The R1 reagent gave the highest discrimination between serums infected by any one of the DENV serotypes and uninfected serums. In particular, R1 gave a discrimination equal to or higher than that of the homotypic reagent, between serums infected by a given DENV serotype and uninfected serums (Table 4). These results showed that ED3.DENV1 behaved like a consensus or universal ED3 domain for the detection of IgMs directed against any DENV serotype. They were reminiscent of published data showing that, in human secondary infections, the serum titer in IgGs against ED3.DENV1 is higher than those against the three other ED3 serotypes, regardless of the infecting DENV serotype 6 .

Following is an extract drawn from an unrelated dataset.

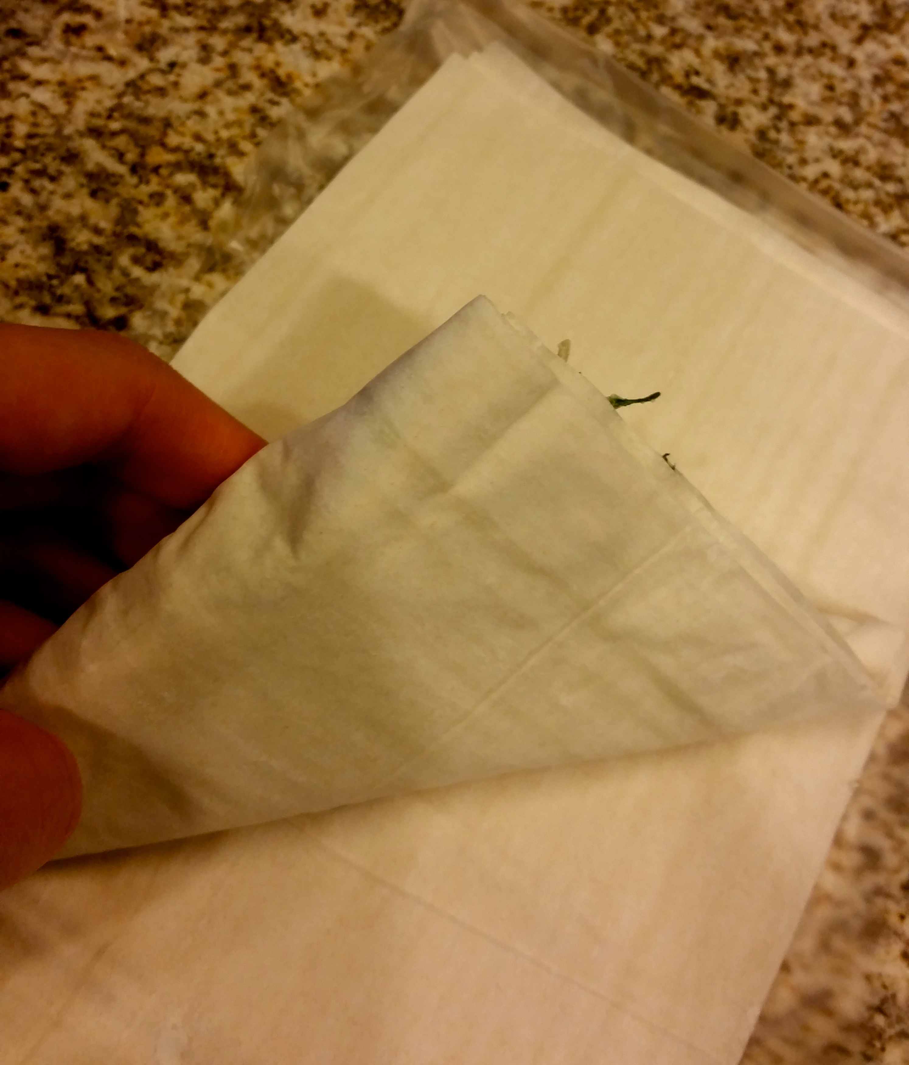 5. Using three sheets of fill per pie, fold over (like a flag) to create a triangle shaped pocket.

We showed that some R_i reagents could discriminate between human IgMs directed against the homotypic DENV_i and IgMs against heterotypic DENV_j viruses (j ≠ i). The levels of discrimination by R_i between IgMs directed against the two different DENV serotypes were not correlated with the levels of discrimination by R_i between DENV_j infected serums and DENV-uninfected serums, i.e. with the profiles of cross-reactivities. They were not correlated with the numbers of residue changes between ED3 domains. Noteworthily, R1 could discriminate between IgMs against DENV1 and IgMs against DENV2, DENV3 or DENV4, whereas R2, R3 and R4 could not discriminate between IgMs against the homotypic DENV and IgMs against DENV1 (Table 5). Any ED3 domain interacted more strongly with the IgMs against the homotypic DENV than with the IgMs against heterotypic DENVs, with one exception. Each ED3 domain interacted as strongly with the IgMs against DENV1 as with the IgMs against the homotypic DENV (row 1 of Table 5). Fine structural properties might explain these discriminations between serotypes. The R_i reagents had also significant levels of discrimination towards IgMs directed against the heterotypic DENV_j viruses (j ≠ i), taken as a whole (line 5 of Table 5), although not high enough for diagnostic tests. Data on the discrimination between DENV serotypes by ED3 domains in a MAC-ELISA had not been reported previously to our knowledge.